*EXERCISE AIM*: Give back exactly the stretch of data below from the line holding "图8 典型矽卡岩型铁铜矿床中钴资源在矿物相中的分配" through the line holding "We are entering", both ends included, and leave the remaining lines out.

*RECORD EXTRACTS*:
*** Begin section ***
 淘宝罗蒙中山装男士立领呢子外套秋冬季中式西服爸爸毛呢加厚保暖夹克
*** End section ***
*** Begin section ***
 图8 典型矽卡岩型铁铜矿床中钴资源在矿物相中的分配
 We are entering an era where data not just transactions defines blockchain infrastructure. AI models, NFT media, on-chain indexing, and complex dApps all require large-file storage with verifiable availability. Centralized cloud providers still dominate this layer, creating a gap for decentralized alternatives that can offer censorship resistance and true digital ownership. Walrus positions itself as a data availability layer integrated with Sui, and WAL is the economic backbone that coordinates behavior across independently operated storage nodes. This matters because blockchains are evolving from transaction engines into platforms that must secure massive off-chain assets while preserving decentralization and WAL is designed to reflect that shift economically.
*** End section ***
*WORKED SOLUTION*:
 图8 典型矽卡岩型铁铜矿床中钴资源在矿物相中的分配
 We are entering an era where data not just transactions defines blockchain infrastructure. AI models, NFT media, on-chain indexing, and complex dApps all require large-file storage with verifiable availability. Centralized cloud providers still dominate this layer, creating a gap for decentralized alternatives that can offer censorship resistance and true digital ownership. Walrus positions itself as a data availability layer integrated with Sui, and WAL is the economic backbone that coordinates behavior across independently operated storage nodes. This matters because blockchains are evolving from transaction engines into platforms that must secure massive off-chain assets while preserving decentralization and WAL is designed to reflect that shift economically.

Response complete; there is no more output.